The current memory policy support was added to Linux 2.6 around May 2004.  This
document attempts to describe the concepts and APIs of the 2.6 memory policy
support.

Memory policies should not be confused with cpusets
(Documentation/cgroups/cpusets.txt)
which is an administrative mechanism for restricting the nodes from which
memory may be allocated by a set of processes. Memory policies are a
programming interface that a NUMA-aware application can take advantage of.  When
both cpusets and policies are applied to a task, the restrictions of the cpuset
takes priority.  See "MEMORY POLICIES AND CPUSETS" below for more details.

MEMORY POLICY CONCEPTS

Scope of Memory Policies

The Linux kernel supports _scopes_ of memory policy, described here from
most general to most specific:

    System Default Policy:  this policy is "hard coded" into the kernel.  It
    is the policy that governs all page allocations that aren't controlled
    by one of the more specific policy scopes discussed below.  When the
    system is "up and running", the system default policy will use "local
    allocation" described below.  However, during boot up, the system
    default policy will be set to interleave allocations across all nodes
    with "sufficient" memory, so as not to overload the initial boot node
    with boot-time allocations.

    Task/Process Policy:  this is an optional, per-task policy.  When defined
    for a specific task, this policy controls all page allocations made by or
    on behalf of the task that aren't controlled by a more specific scope.
    If a task does not define a task policy, then all page allocations that
    would have been controlled by the task policy "fall back" to the System
    Default Policy.

        The task policy applies to the entire address space of a task. Thus,
        it is inheritable, and indeed is inherited, across both fork()
        [clone() w/o the CLONE_VM flag] and exec*().  This allows a parent task
        to establish the task policy for a child task exec()'d from an
        executable image that has no awareness of memory policy.  See the
        MEMORY POLICY APIS section, below, for an overview of the system call
        that a task may use to set/change its task/process policy.

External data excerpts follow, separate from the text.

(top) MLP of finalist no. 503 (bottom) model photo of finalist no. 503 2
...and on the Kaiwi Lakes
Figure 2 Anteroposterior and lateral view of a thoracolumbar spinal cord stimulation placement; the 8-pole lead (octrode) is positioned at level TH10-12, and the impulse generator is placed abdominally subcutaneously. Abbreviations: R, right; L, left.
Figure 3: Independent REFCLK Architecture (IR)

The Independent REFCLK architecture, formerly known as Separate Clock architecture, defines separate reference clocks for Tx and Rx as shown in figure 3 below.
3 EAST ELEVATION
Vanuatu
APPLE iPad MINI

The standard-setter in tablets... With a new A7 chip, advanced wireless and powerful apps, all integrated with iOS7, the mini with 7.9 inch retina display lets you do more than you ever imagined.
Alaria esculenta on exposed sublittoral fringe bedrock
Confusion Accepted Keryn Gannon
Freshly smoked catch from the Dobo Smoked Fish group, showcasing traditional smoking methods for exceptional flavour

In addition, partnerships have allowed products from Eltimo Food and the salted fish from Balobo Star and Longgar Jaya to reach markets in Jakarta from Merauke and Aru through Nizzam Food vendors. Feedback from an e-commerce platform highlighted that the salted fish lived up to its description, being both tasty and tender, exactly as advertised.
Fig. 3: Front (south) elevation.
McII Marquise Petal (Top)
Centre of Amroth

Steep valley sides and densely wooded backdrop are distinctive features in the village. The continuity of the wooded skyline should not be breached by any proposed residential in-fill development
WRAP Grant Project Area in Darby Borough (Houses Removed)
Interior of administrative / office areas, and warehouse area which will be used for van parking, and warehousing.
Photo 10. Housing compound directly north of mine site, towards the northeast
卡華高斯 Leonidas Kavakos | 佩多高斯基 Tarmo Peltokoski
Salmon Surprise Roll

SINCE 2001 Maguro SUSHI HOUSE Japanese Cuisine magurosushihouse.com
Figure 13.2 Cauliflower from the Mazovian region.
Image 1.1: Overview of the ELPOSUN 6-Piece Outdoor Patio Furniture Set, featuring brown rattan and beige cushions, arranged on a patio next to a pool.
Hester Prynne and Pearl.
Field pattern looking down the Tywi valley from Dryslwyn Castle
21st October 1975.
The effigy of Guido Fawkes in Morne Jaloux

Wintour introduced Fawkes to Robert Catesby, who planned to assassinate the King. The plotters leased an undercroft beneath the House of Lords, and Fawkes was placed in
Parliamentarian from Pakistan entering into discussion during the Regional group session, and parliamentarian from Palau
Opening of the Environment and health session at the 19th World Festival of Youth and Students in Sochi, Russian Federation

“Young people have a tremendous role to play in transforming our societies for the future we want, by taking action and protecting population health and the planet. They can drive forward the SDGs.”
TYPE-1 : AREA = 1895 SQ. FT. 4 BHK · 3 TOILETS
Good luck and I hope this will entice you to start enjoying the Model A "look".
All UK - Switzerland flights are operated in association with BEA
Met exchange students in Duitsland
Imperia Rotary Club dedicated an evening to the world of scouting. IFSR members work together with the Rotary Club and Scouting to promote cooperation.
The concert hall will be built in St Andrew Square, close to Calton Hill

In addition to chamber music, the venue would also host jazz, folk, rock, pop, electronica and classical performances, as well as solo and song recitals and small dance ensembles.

        In a multi-threaded task, task policies apply only to the thread
        [Linux kernel task] that installs the policy and any threads
        subsequently created by that thread.  Any sibling threads existing
        at the time a new task policy is installed retain their current
        policy.

        A task policy applies only to pages allocated after the policy is
        installed.  Any pages already faulted in by the task when the task
        changes its task policy remain where they were allocated based on
        the policy at the time they were allocated.

    VMA Policy:  A "VMA" or "Virtual Memory Area" refers to a range of a task's
    virtual address space.  A task may define a specific policy for a range
    of its virtual address space.   See the MEMORY POLICIES APIS section,
    below, for an overview of the mbind() system call used to set a VMA
    policy.

    A VMA policy will govern the allocation of pages that back this region of
    the address space.  Any regions of the task's address space that don't
    have an explicit VMA policy will fall back to the task policy, which may
    itself fall back to the System Default Policy.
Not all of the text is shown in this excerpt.